Orders, Supreme Court, New York County (Paul G. Feinman, J.), entered October 19, 2009, which denied defendant's motions for summary judgment dismissing the complaint and to preclude plaintiffs' expert testimony, respectively, unanimously affirmed, without costs.
Published by New York State Law Reporting Bureau pursuant to Judiciary Law § 431.
This opinion is uncorrected and subject to revision before publication in the Official Reports.
Tom, J.P., Mazzarelli, Nardelli, Acosta, Renwick, JJ.
Defendant failed to satisfy its prima facie burden of establishing the absence of issues of fact concerning the injured plaintiff's inability to identify the cause of her fall and whether it created or had actual or constructive notice of the hazardous condition that caused the fall (see Weingrad v New York Univ. Med. Ctr., 64 NY2d 851, 853 ; Fernandez v VLA Realty, LLC, 45 AD3d 391 ; Pena v Women's Outreach Network, Inc., 35 AD3d 104, 109 ).

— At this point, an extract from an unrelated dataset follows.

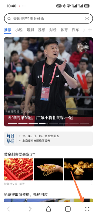 1、打开华为浏览器App,点击右下角的【四个点图标】。
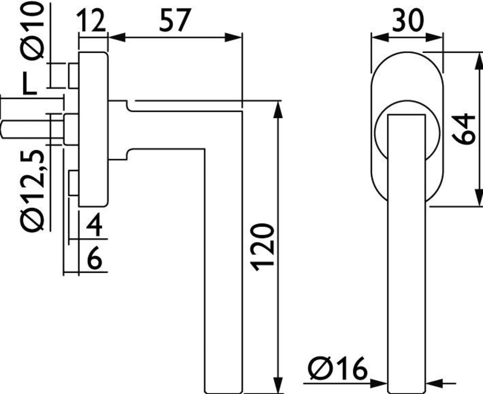 Drehkipp-Rasterolive 1835 DK SQUARE, Stiftlänge ca. 31 mm vorstehend, Oberfl. 61 (Edelstahl poliert)

We reject defendant's contention that plaintiff was required to identify at the time of the accident exactly where she fell and the precise condition that caused her to fall (see Welch v Riverbay Corp., 273 AD2d 66 ; Vitanza v Growth Realties, 91 AD2d 917 ; Gramm v State of New York, 28 AD2d 787, 788 , affd 21 NY2d 1025 ). Plaintiff identified the location of her fall in her deposition testimony and stated that she pointed this location out to an employee of defendant when he found her at the bottom of the stairs. Although she did not know at the time that she slipped on the steps because of the worn treads, she discovered this when she returned to the scene a few weeks later (see Seivert v Kingpin Enters., Inc., 55 AD3d 1406 ; Sweeney v D & J Vending, 291 AD2d 443 ). Based on the testimony of two employees of defendant that the photographs taken two to three months after the accident accurately represented the condition of the treads on the steps before and on the day of the accident, there is no reason to believe that the condition of the treads changed significantly between the date of the accident and the date of plaintiff's return to the scene.
The court properly declined to preclude plaintiffs' expert's affidavit and testimony. Plaintiffs established good cause for the untimely disclosure (see LaFurge v Cohen, 61 AD3d 426 , lv denied 13 NY3d 701 ; St. Hilaire v White, 305 AD2d 209, 210 ), which does not appear to have surprised or prejudiced defendant (see Moreno v Fabre, 46 AD3d 254, 255 ).
We have considered defendant's remaining contentions and find them unavailing.
THIS CONSTITUTES THE DECISION AND ORDER OF THE SUPREME COURT, APPELLATE DIVISION, FIRST DEPARTMENT.